Data block: Begin
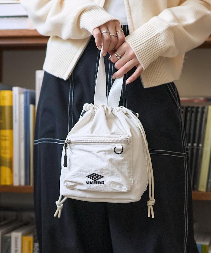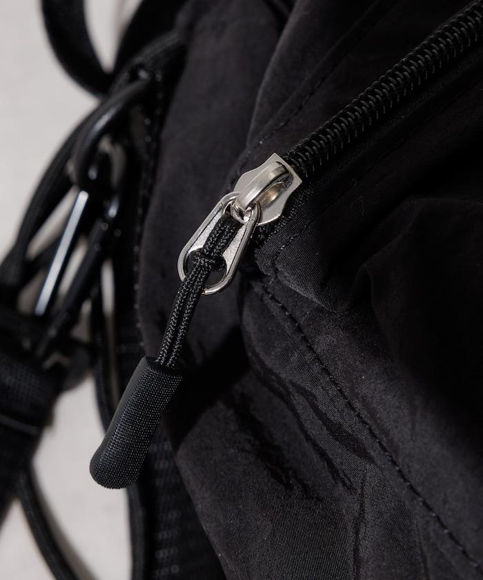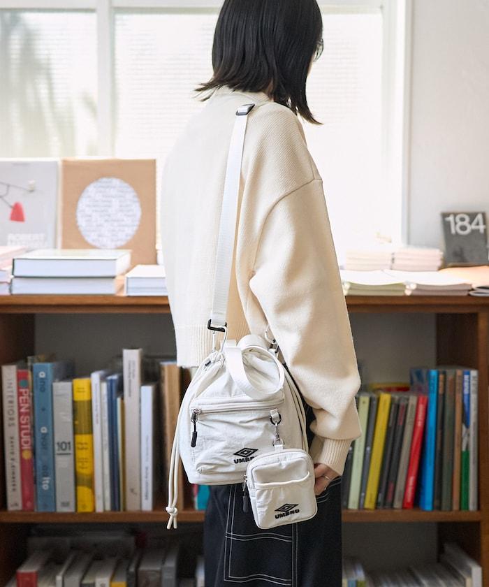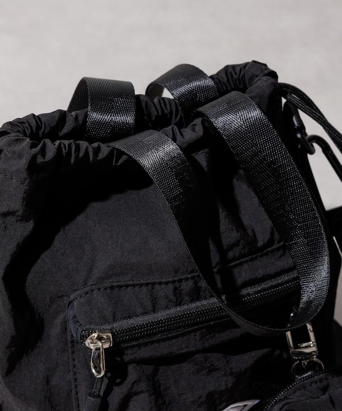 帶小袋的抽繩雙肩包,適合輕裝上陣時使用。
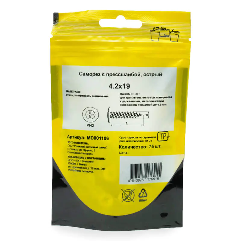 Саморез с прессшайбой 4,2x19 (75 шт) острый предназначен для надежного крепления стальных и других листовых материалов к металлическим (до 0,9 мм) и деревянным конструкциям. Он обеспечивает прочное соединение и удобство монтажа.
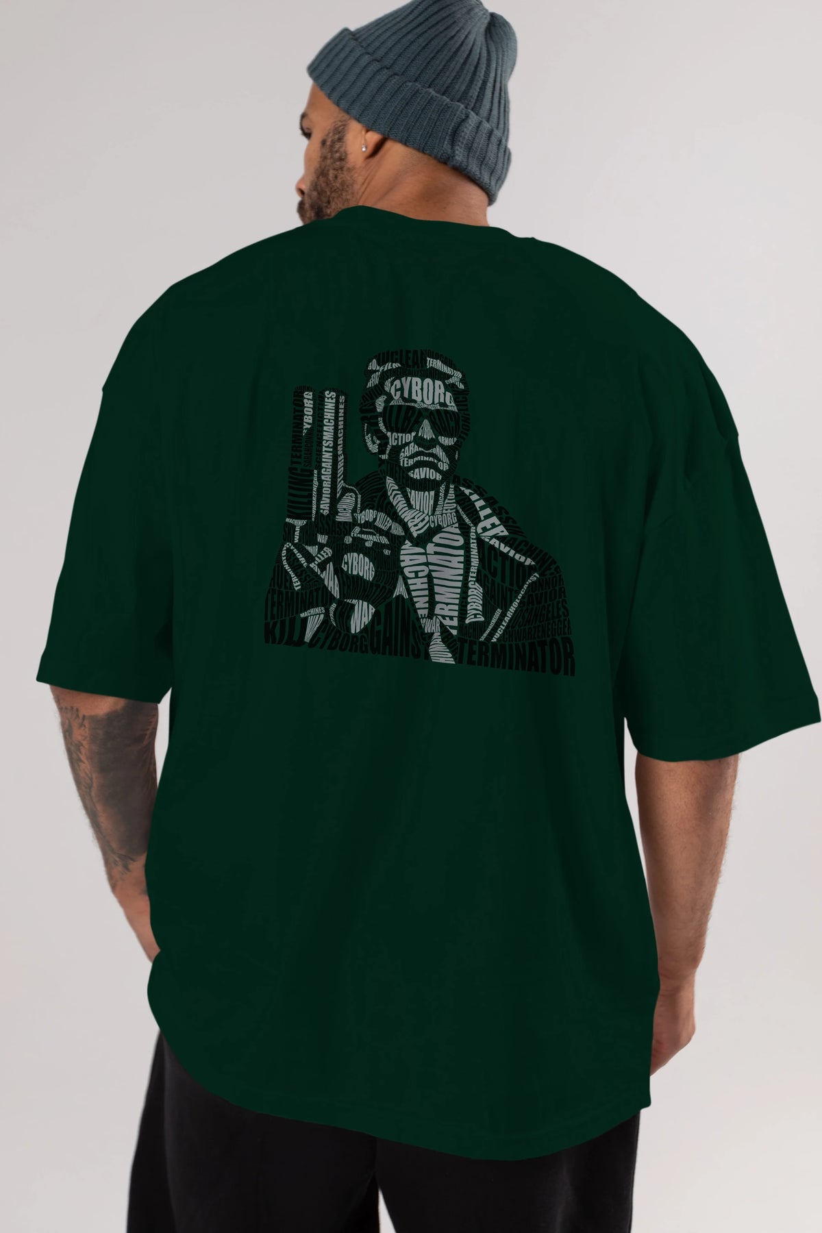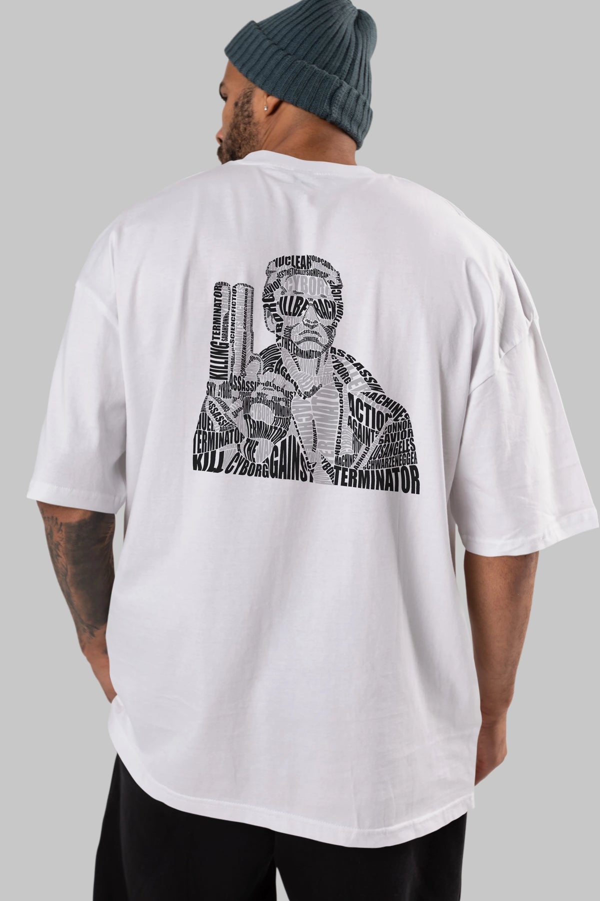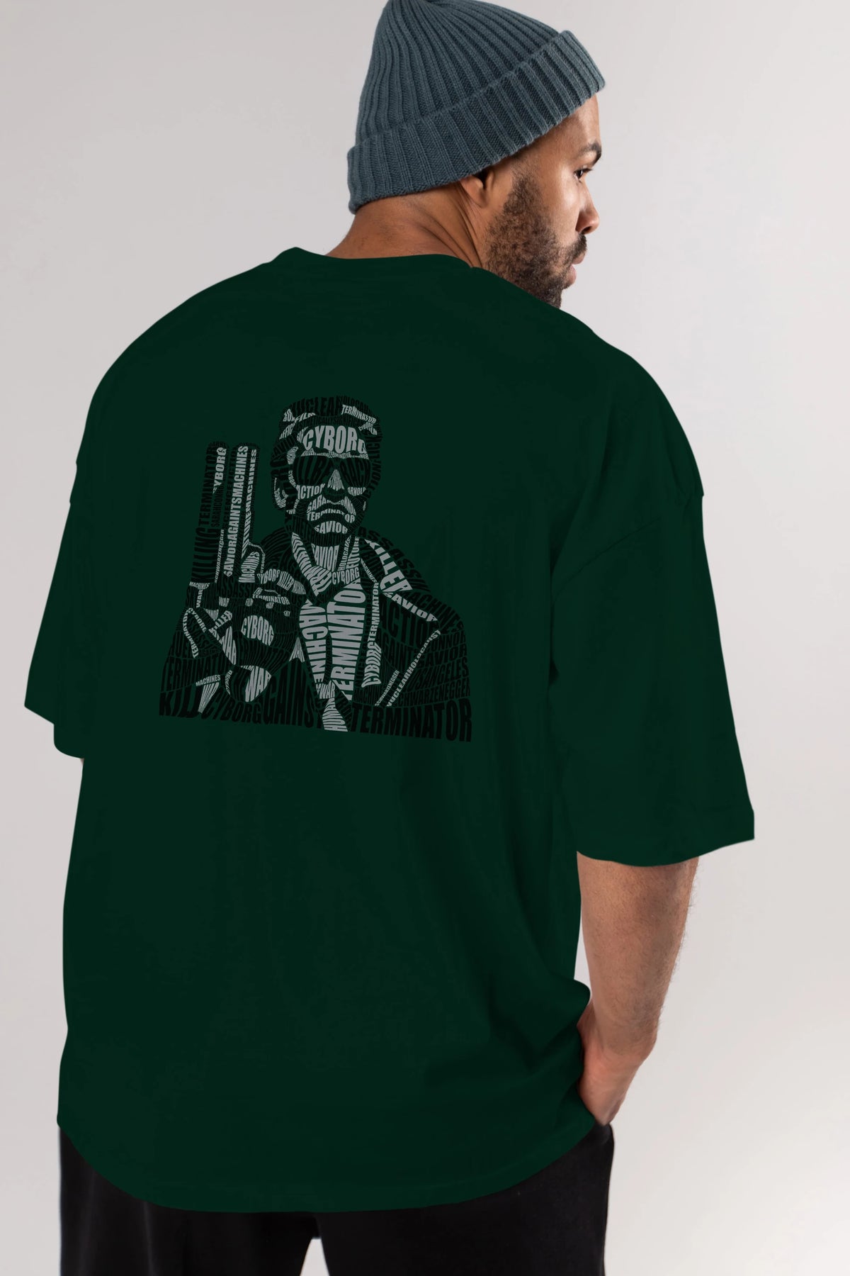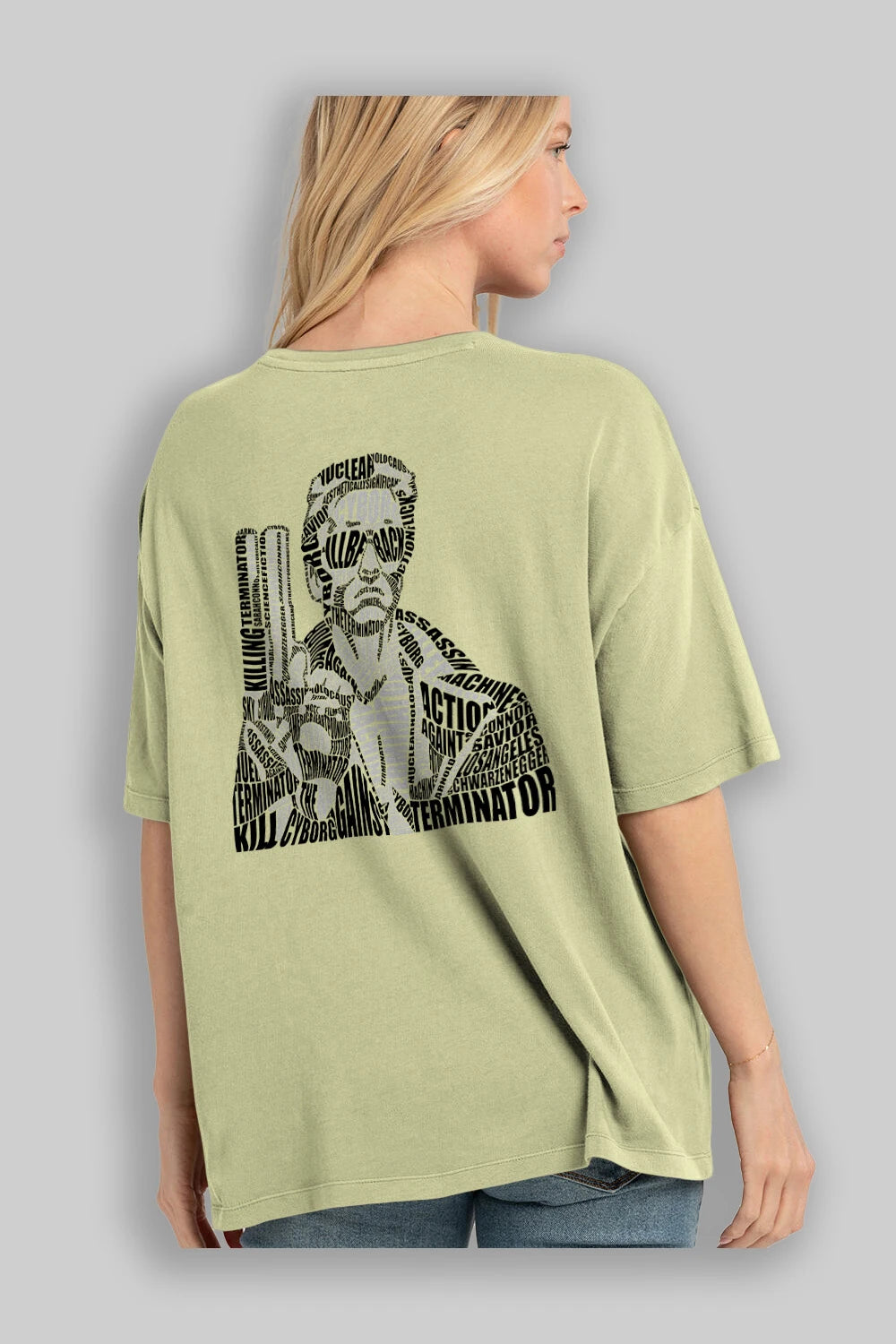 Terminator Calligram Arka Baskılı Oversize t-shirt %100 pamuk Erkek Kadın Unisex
Data block: End
Activity ::
The listing is to be repeated exactly, with its pictures removed.

Result of the exercise ::
 帶小袋的抽繩雙肩包,適合輕裝上陣時使用。
 Саморез с прессшайбой 4,2x19 (75 шт) острый предназначен для надежного крепления стальных и других листовых материалов к металлическим (до 0,9 мм) и деревянным конструкциям. Он обеспечивает прочное соединение и удобство монтажа.
 Terminator Calligram Arka Baskılı Oversize t-shirt %100 pamuk Erkek Kadın Unisex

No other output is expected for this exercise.